One of my 2018 goals is to spend more time collaborating with other producers, musicians, and singers. Two heads are always better than one and there’s no better opportunity to learn new tricks of the trade or stumble upon new and original ideas than observing another artist’s creative process. Here are a few tricks I’ve learned to help you get the most out of your collaborative sessions.
- Be Prepared!
It might seem obvious, but having something prepared in advance is an essential part of having a successful studio session. This can mean a lot of things: a drum pattern you’ve been working on, a chord progression that you’ve been playing all week, a notebook full of lyrics. As long as you’re bringing something to the table consider your bases covered.
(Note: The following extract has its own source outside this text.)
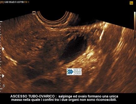 Con l'aggravarsi del processo flogistico si passa al quadro dell'ascesso tubo-ovarico in cui tuba ed ovaio sono compresi in un unica massa a contorni sfumati nella quale le strutture che la costituiscono, tuba ed ovaio, non sono più riconoscibili. Il questo caso le immagini ecografiche sono alquanto complesse: la massa relativa all'ascesso tubo-ovarico presenta dei confini sfumati, non distinguibili con le anse intestinali, e il contenuto è disomogeneo per la contemporanea presenza di aree a diversa ecostruttura (anecogene, ipoecogene, iperecogene). L'ascesso può inoltre essere circondato da liquido libero nella pelvi, in genere ad aspetto denso in quanto costituito da pus, oppure possono coesistere delle raccolte saccate a localizzazione molto varia, anche distanti dall'ascesso.
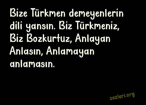 Bize Türkmen demeyenlerin dili yansın. Biz Türkmeniz, Biz Bozkurtuz, Anlayan Anlasın, Anlamayan anlamasın. ( Bozkurt )

Collaborating with an artist for the first time can be an intimidating experience and there’s nothing more difficult than starting a project from zero.
- Bring Your Toys
One of the most important lessons we learn as children is to share our toys. Let’s not pretend musical instruments and gear are anything more than big kid toys, so let’s bring them along to the session and share! It’s easy to get too used to the gear we already own. After a while, old keyboards start to sound stale and familiar samples lose their luster. But those patches you’re all too familiar with are brand new to your collaborator, and fresh ears mean fresh ideas. So don’t be afraid to dig out your old clarinet or throw those samples you’d counted out onto a thumb drive. Bring them to the session!
- Be Open Minded
If you hope to have a successful session then this last tip is the most important of all. Collaboration is fun and fruitful, but it can also be vulnerable. If you’re anything like me then you might find sharing unfinished songs and beats to be excruciating. Showing somebody your incomplete, unedited, unpolished ideas is terrifying, so try to have an open mind and trend towards positivity and constructive feedback in your sessions.
It’s also important to be open to different ways of doing things. Everyone’s creative process is going to be different. Rather than warring with your collaborator over the best way to program drums in Ableton, sit back, observe, listen and you might learn something new. At the end of the day, it isn’t important how something is made if it never gets completed.
I hope you’ve found these tips to be useful! There’s often no better way to accelerate your creative development than to mind-meld with another artist, so get out there and start collaborating!